“There will be a very serious wake-up call if Europe fails to provide for its security”.

Foreign policy - SUSAN STEWART

 

There will be a very serious wake-up call if Europe fails to provide for its security”.

Interview with Susan Stewart

27.11.2024

 

Dr. Susan Stewart is a political scientist currently serving as a Senior Fellow at the Stiftung Wissenschaft und Politik (SWP) in Berlin, where she specializes in Eastern Europe and Eurasia.

Her extensive academic and professional background includes notable positions at the Mannheim Centre for European Social Research and the University of Mannheim, where she contributed significantly to research and teaching on democratization and EU external relations.

At SWP, Dr. Stewart's research focuses on critical areas such as Ukrainian domestic and foreign policy, German-Russia relations, and the development of civil society in Eastern Europe.

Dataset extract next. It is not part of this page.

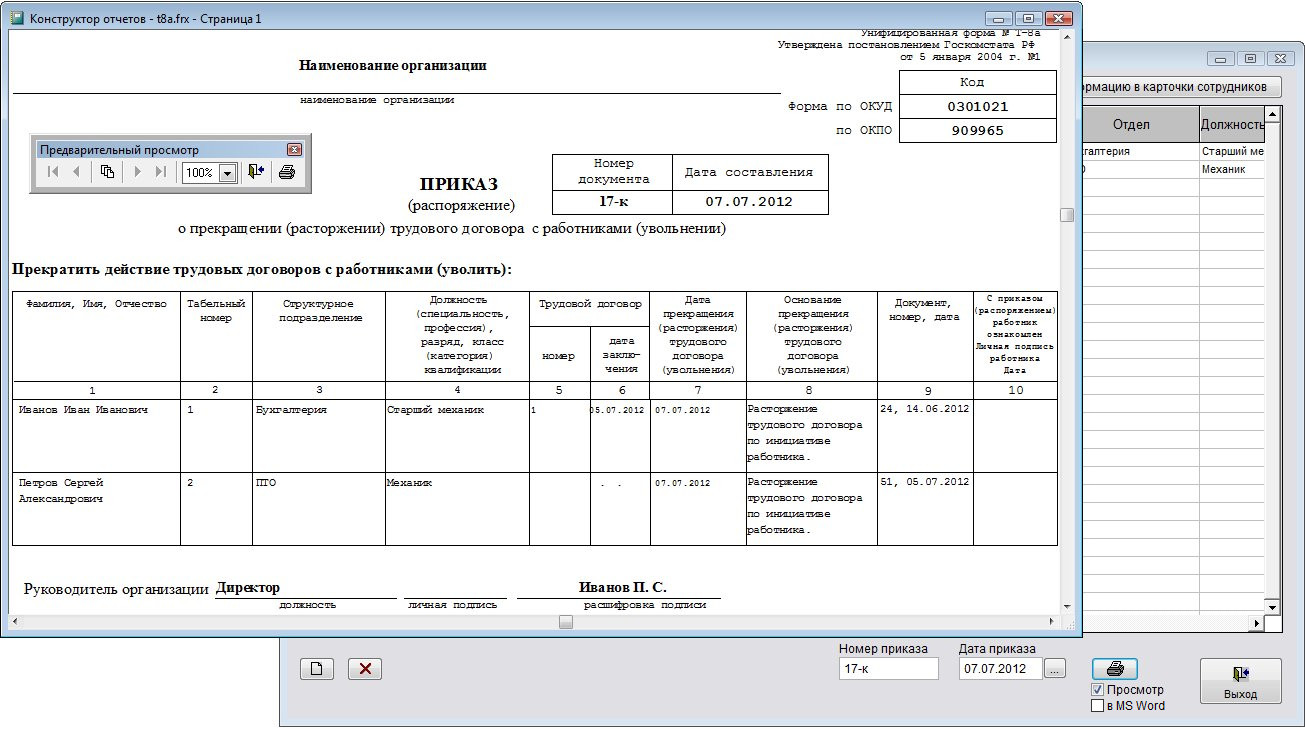 Для печати создания и приказа откройте журнал сотрудников и нажмите кнопку "Отчеты".

Her expertise is widely recognized, making her a key voice in discussions about democracy and human rights in foreign policy. Through her numerous publications and research projects, Dr. Stewart has demonstrated an exceptional understanding of the political dynamics shaping Eastern Europe and Eurasia, solidifying her reputation as a leading expert in the field.

 

 

O. Kandyuk: Okay, so first of all thank you again for agreeing for this interview, thank you for your time and just to start with a general question - Нow do you assess Ukraine's prospects for EU accession in the context of the ongoing war?

 

S. Stewart: Well, number one, the war makes it harder to reform the country. So it slows down the pace of reform. This is evident from the challenges Ukraine faces, where the destruction caused by the conflict necessitates additional recovery measures that wouldn’t have been required otherwise.

Human capital that you need for reforms is also much reduced during the war. Within the war context it's become more difficult to do reforms and therefore to move in the direction of the EU, but I think it's still quite amazing how much Ukraine has nonetheless been able to do.

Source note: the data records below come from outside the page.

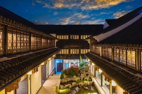 “紹興城里五萬(wàn)人,臺(tái)門足有三千零”。這是一家枕河而立的臺(tái)門人家,一家集聚了魯迅文化的主題酒店。整個(gè)建筑分為上下兩層,錯(cuò)落有致,恬靜溫馨。
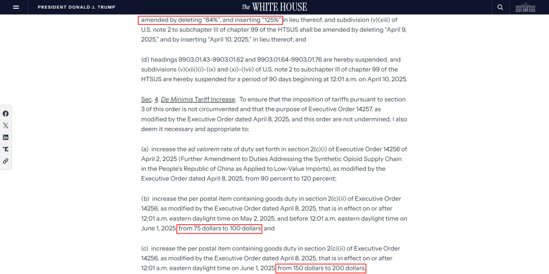 白宫宣布,自2025年5月2日美国东部夏令时间凌晨0:01起,自中国大陆和香港进入美国的包裹将不再适用800美元以下货值关税豁免以及配套的T86快速清关模式。根据新规,美国将对小额包裹征收120%关税,或统一收取每单100美元的固定费用(6月1日上调至200美元)。这也是继平地起高楼的关税新政后,砸向中国跨境从业者又一张巨额账单。
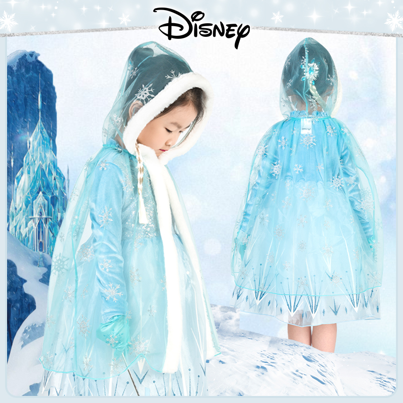 迪士尼女童艾莎披风套装 手套假发辫子小女孩cosplay演出服 秋冬款

So that's not what I see as the major issues. Rather, the major issues are that we don't know what will happen in terms of the war and how this will all turn out and whether there will be any kind of sustainable peace situation. Without that it will be extremely difficult not only to progress on reforms but also to have a situation in which EU member states will consider admitting Ukraine.

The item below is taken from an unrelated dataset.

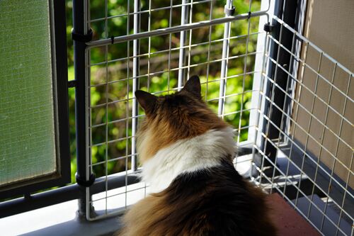 朝のOちゃん。おんもに出て向かいの森を眺めるのが日課。朝はまだ寒く、風がきついので森の木々もざわざわしています。 小鳥がけっこう飛び交っていますよ。Oちゃんのうしろあたま、耳がぴくぴく全方向。 今日はちょっと曇り空な感じですね。 なんかベラン…
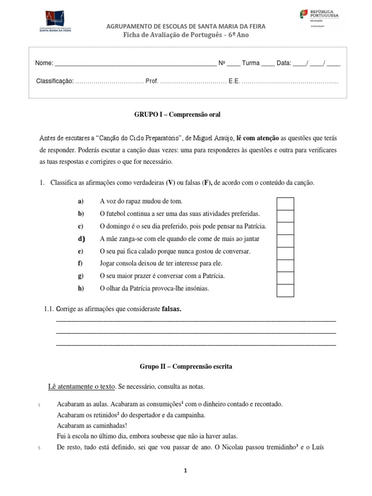Antes de escutares a “Canção do Ciclo Preparatório”, de Miguel Araújo, lê com atenção as questões que terás

Sometimes people refer to the situation in Cyprus but the situation in Cyprus has been more or less stable for years. The attempt to resolve that conflict and have all of Cyprus join the EU didn't work, but Cyprus is still in the EU. But I think this is not the situation with Ukraine. I mean, it's a much less stable type of situation and it's likely to remain so even if there were some kind of cessation of hostilities. So I do see that as a major problem.

Moreover, the EU decided to give Ukraine candidate status mainly because of the wartime situation. I mean it didn't decide that before and Ukraine decided to apply during wartime and I think that the decision on candidate status was made partially or largely on the grounds of the need to show solidarity with Ukraine and give it this perspective because of the way it's been treated by Russia and because it is valiantly defending itself and European values. But that doesn't mean that that more emotionally based decision is going to be able to be upheld over the course of the years that will be necessary to achieve these reforms. And the EU will be in a completely different place when that moment arrives and Ukraine can fulfil all the necessary steps.

So there are a lot of different levels on which the war has really had a huge impact on the question of whether Ukraine is going to be able to join the EU, even though the war essentially has acted as a catalyst for the relationship between the EU and Ukraine. Since like I just said it motivated Ukraine to apply, to become a candidate country and it motivated the EU to give Ukraine that status. So that is something that the war has actually achieved in a positive sense in terms of Ukraine's path to the EU.

 

O. Kandyuk: So in that case, if you think that integration of Ukraine is not possible in short term perspective how it would be possible for Ukraine to preserve existing motivation for future reforms and development?

 

S. Stewart: There's a reason that a lot of people think that it's going to happen quickly and that's in part because some Ukrainian high level politicians have stated that that will be the case and I think that that was an irresponsible type of statement to make. But it was made and so people believed it. I think maybe there have been some correctives introduced into the discourse now but of course those statements still stick around.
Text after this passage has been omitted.